Cyberax — Sun, 06 Aug 2017 03:03:12 +0000

The current tech is basically a mock-up of future persistent RAM. It's expected to be within the usual DRAM performance range, if not that durable. It'll certainly be faster than flash.

The NOVA filesystem

pr1268 — Sat, 05 Aug 2017 22:42:30 +0000

it is impossible to move a NOVA filesystem from one system to another if the two machines do not have the same number of CPUs.

Do you suppose that an option to limit the number of per-CPU arrays of inodes when creating a NOVA filesystem can be implemented?

For example: % mknovafs -O cpu=4 /dev/nvramdevice1 (or similar) such that the number of cpus may be less than how many CPUs that computer has.

Setting cpu=1 could make a filesystem capable of being exported to any computer. Of course, that would not make sense if your whole purpose is to exploit that technology to its fullest (quoting our Editor).

The NOVA filesystem

Paf — Sat, 05 Aug 2017 18:05:09 +0000

In addition to what Corbet noted, most of the proposed tech sits between flash and true RAM in terms of performance. 10x-1000x slower than RAM, depending on tech and what you're measuring (and whose claims of future performance you believe). One could end up quite sad from expecting truly RAM like performance from some persistent memory solutions.

(The above leaves out battery backed DIMMs, I suppose. But they don't seem like a tech with broad applicability.)

Technology-specific

Paf — Sat, 05 Aug 2017 17:59:30 +0000

Particularly given that we support dynamic CPU plugging/unplugging...

The NOVA filesystem

nix — Sat, 05 Aug 2017 17:45:56 +0000

We can all look forward to the day when userspace borks itself, and we reboot to find that userspace is still borked.
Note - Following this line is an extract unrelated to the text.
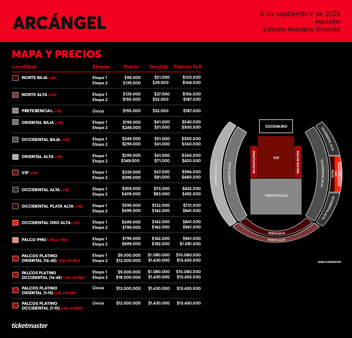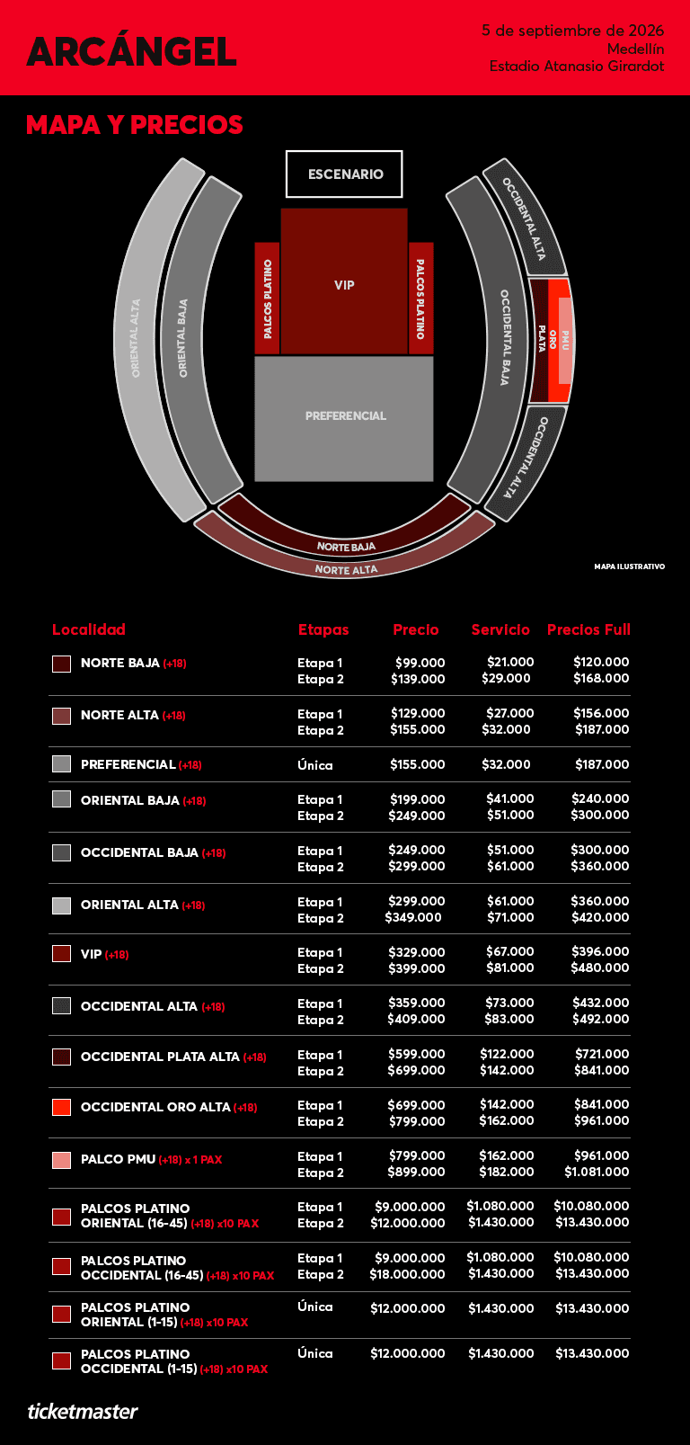 La tiquetera no se hace responsable por entradas adquiridas fuera del sistema Ticketmaster.
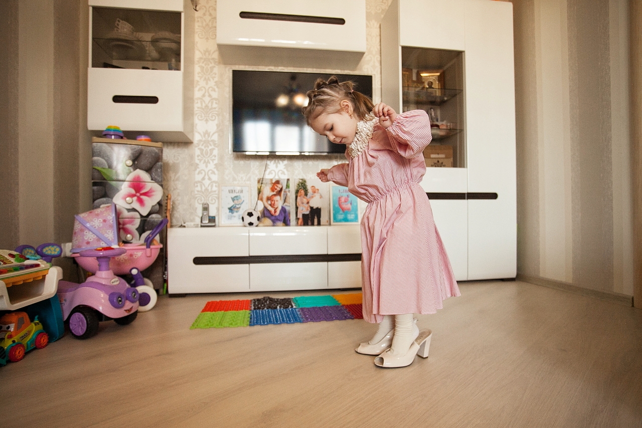 С новыми силами приступаем к очередному развлечению. Устраиваем «показ мод», сами примеряем кое-что из детского гардероба, а детям даем возможность почувствовать себя взрослыми и отдаем на примерку свои вещи и обувь. Обязательно фотографируем то, что получилось — для домашнего архива.

Well, that's exactly what we have in the present day: bork the filesystem, reboot, and it's still going to be borked. NOVA's just another filesystem. Sure, the storage is directly addressable and probably insanely fast, but it's not some fundamentally new abstraction, and the 'bork an important filesystem and reboot will not save you' properly is just the same as it is on present-day filesystems.